You can find information about treasury stock on the balance sheet or in the footnotes accompanying financial statements. The first step in calculating outstanding shares is to determine the total number of issued shares. You can find this information on the statement of shareholders’ equity or sometimes in the footnotes accompanying the financial statements. Total outstanding shares represent the number of shares of a company’s stock that are currently held by all its shareholders, including institutional investors, company insiders, and the public. The company has issued these shares, and how to find the number of shares outstanding are in the hands of investors who may buy and sell them on the open market.

How Does the Number of Shares Outstanding Affect a Company’s Financials?

You can find the number of common stock outstanding by looking up a company’s most recent 10-Q or 10-K filing on its investor-relations webpage or the SEC’s website. Common stock is the main class of stock that a company issues to investors. It represents ownership in a corporation and allows investors to vote on corporate policy and elect the company’s board of directors. Outstanding shares, on the other hand, only include shareholder-owned shares, which indicate the stockholders’ ownership interest in the company.
Basic EPS vs. Diluted EPS

The number of outstanding shares represents the total amount of shares that are held by investors, corporate insiders, Certified Bookkeeper and other institutions. This information is crucial for both investors and company management to evaluate market capitalization, ownership distribution, and the potential for issuing new shares. In addition, the notes accompanying financial statements often detail shares issued and treasury shares, helping you calculate outstanding shares precisely. Earnings reports might also highlight changes in the number of outstanding shares, especially if related to recent corporate actions like buybacks or stock splits.
- For example, let’s say you want to calculate the weighted average number of outstanding shares for a company over two reporting periods of 6 months each.
- Startups should carefully consider their total outstanding share count and the potential impact it has on their financial metrics and market valuation.
- At the same time, the stock price is adjusted inversely to the exchange ratio, resulting in an increase or decrease.
- This includes stockholders who are institutional investors, insiders, and retail investors.
Shares Outstanding vs. Treasury Shares
Startups should carefully consider their total outstanding share count and the potential impact it has on their financial metrics and market valuation. Floating stock and outstanding shares represent different aspects of a company’s equity, crucial for investors to comprehend. Floating stock refers to the portion of shares outstanding that are readily available and actively traded in the market. It excludes closely held shares, such as those owned by insiders, company officers, or controlling entities, who are less likely to trade these shares regularly.
What are outstanding shares?
- The following are the three steps to calculate weighted average shares outstanding.
- The balance sheet is a financial statement issued by the company that provides a full accounting of the company’s assets, liabilities, and shareholder’s equity at a particular moment in time.
- Multiply the price of a single stock by the number of shares outstanding to find a business’s market capitalization.
- An increase in the number of shares outstanding boosts liquidity but increases dilution.
- If there is a difference between the number of shares issued and outstanding, the difference is treasury stock.
This reduction generally increases earnings per share (EPS) and can signal management’s confidence in the company’s value, potentially boosting share price.
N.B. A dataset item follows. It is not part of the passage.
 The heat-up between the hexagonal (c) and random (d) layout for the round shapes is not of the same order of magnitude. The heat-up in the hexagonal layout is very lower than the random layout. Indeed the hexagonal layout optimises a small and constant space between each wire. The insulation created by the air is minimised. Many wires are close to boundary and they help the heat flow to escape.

By following these steps, you can accurately determine the number of shares outstanding, a vital figure for understanding broader financial impacts like market capitalization. Issued shares and outstanding shares are related but distinct concepts in corporate finance. Issued shares represent the total number of shares a company has ever created bookkeeping or sold, including those held by investors, the company itself, or reserved for future issuance. Typically, the issued and outstanding shares of a company are its capital stock, which is a combination of common stock and preferred stock. Each of these are further divided into subcategories based on different rights and preferences.
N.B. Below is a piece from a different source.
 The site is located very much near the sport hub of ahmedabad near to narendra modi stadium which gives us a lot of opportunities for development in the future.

Now, imagine you are one of the shareholders in XYZ that did not sell their shares as part of the buyback program. From your perspective, you now own a larger percentage of the company, since the total number of shares outstanding has declined. Since EPS increased, it is likely that the market value increased as well (although in the real world this is not guaranteed). And since you did not actually receive any dividends, you do not need to pay any taxes even though your wealth increased as a result of the higher share price.